What we call truth has all these different aspects. It is truth that extends from the center that is within one’s innermost being, to the periphery, the outer limits of the world we live in or, perhaps, the universe. Since it covers such an extraordinary range, there are different sections, different aspects of truth. Theosophy, so far as we are concerned, means an understanding in which there is a measure of harmony among these different aspects. How can we know this extraordinary expanse of truth, which is limitless, which has so many aspects, some of them subtle, profound, beyond our ken? Is it possible to know this truth, which seems absolutely beyond us in every direction? I think there is only one way of coming to it, and that way, paradoxically enough, is in coming to the very center of one’s being, a standpoint which commands all the horizons at all the levels. That center of being is dimensionless, like a geometrical point. The person then does not try to expand himself and embrace many things but reduces himself, so to say, and becomes at that point the pure knower. The whole universe can be divided into two parts, that aspect which is to be known and that which is the knower. The knower is the center; that which is to be known is the expanse on all sides, the continuum of facts.

There is that extraordinary faculty of pure knowing—call it Buddhi if you like— which is true intelligence as distinguished from mere intellect. It is possible for it to know, or at least begin to know in truth, not merely see things as they appear, but to know them as they inwardly are. That requires a change in oneself. One has to come to that condition in which one seeks nothing, one does not try to conquer worlds, one has given up every attempt at self-magnification. When we remain wherever we are but in such a condition of receptivity, of humility, the truth from every side pours into our hearts.

We sometimes speak of Buddhi as intuition. It is a Sanskrit word, but we do not quite know what it means. We use so many terms, Ātma, Buddhi, Paramātma, Parabrahman, and what not—this has been done in India—but in spite of all this flourish with words, the person comprehends very little; he merely plays with the words as one might play with counters on a table. First, you must know the action which takes place within the being of man, the quality it has; then you can give whatever name you like to it. The name does not matter very much. Similarly, you must know the Divine Wisdom and then it does not matter whether you call it Theosophy or Brahma Vidya, or by any other name. What is important is to know it.

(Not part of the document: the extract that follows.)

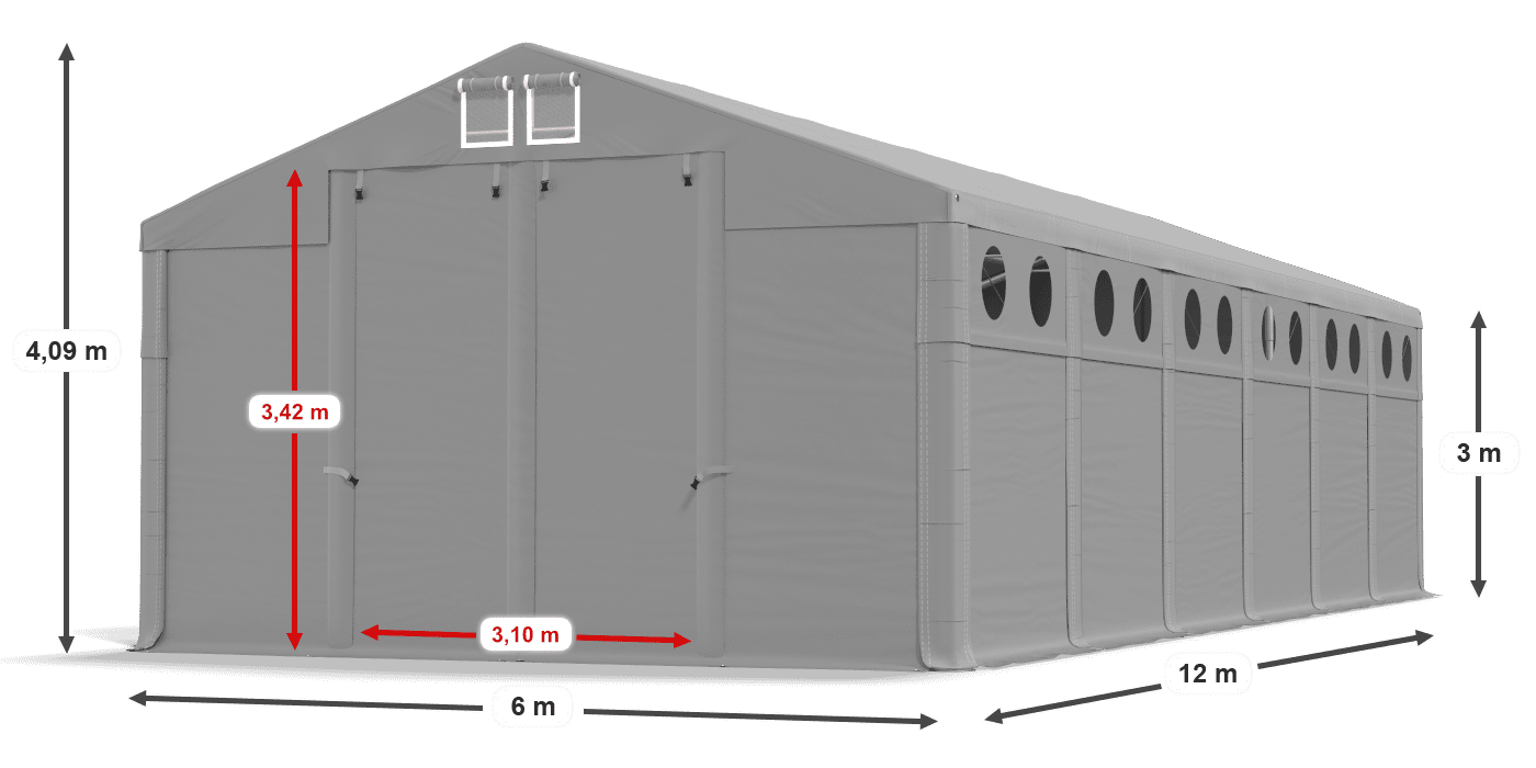 Całoroczny namiot przemysłowy Klasyk SD z okrągłymi oknami świetnie sprawdzi się jako przestrzeń warsztatowa, garażowa oraz myjnia. Okna o średnicy 39cm, umiejscowione w górnej części poszycia wpuszczają sporo dziennego światła, izolując jednocześnie zawartość wnętrza od wzroku osób postronnych. Poszycie wykonane z wodoodpornego PVC o większej gramaturze, chroni przed opadami, wiatrem i promieniowaniem UV.

Sometimes it is said that we are in a time of transition and that we have to move from kama-manas, the mind which is influenced by desire, to Buddhi-manas, the mind which is truly enlightened, which is able to perceive (and it is this perception which is more important than thought). One must first perceive, either at the physical level or any of the inner levels. Then one can build upon it a system of thought. The change that has to take place is that the intellect which merely plays with ideas has to be so changed, so enlightened, infused with a certain pure quality, that it becomes an instrument of the pure Knower and is not just the crude intellect which merely works out various sequences of facts. It has to be an intellect which knows the quality of a thing, and does not merely deal with quantities and numbers by comparison. Sometimes people quote from one of the Mahatma letters: “The crest wave of intellectual advance must be taken hold of and guided into spirituality.” How can you lead an intellect which is dogmatic, neutral with regard to moral issues, incapable of any aesthetic appreciation, an intellect which is cold and hard, into spirituality? It has to be first melted, transformed and shaped into a pliable and sensitive instrument which can probe the inner truth of things. It becomes then an extension of the Spirit, belonging to that nature of man which is essentially a nature of love, of openness, and sensitivity, non-egoistic and non-possessive. The intelligence of such a nature is luminous and penetrating. Also, when this nature manifests itself, life assumes an extraordinarily beautiful aspect. All quarrels, resentments and grudges come to an end. Then each person will meet all others as partners in truth. In this way, alone, there can be a new era, a new world.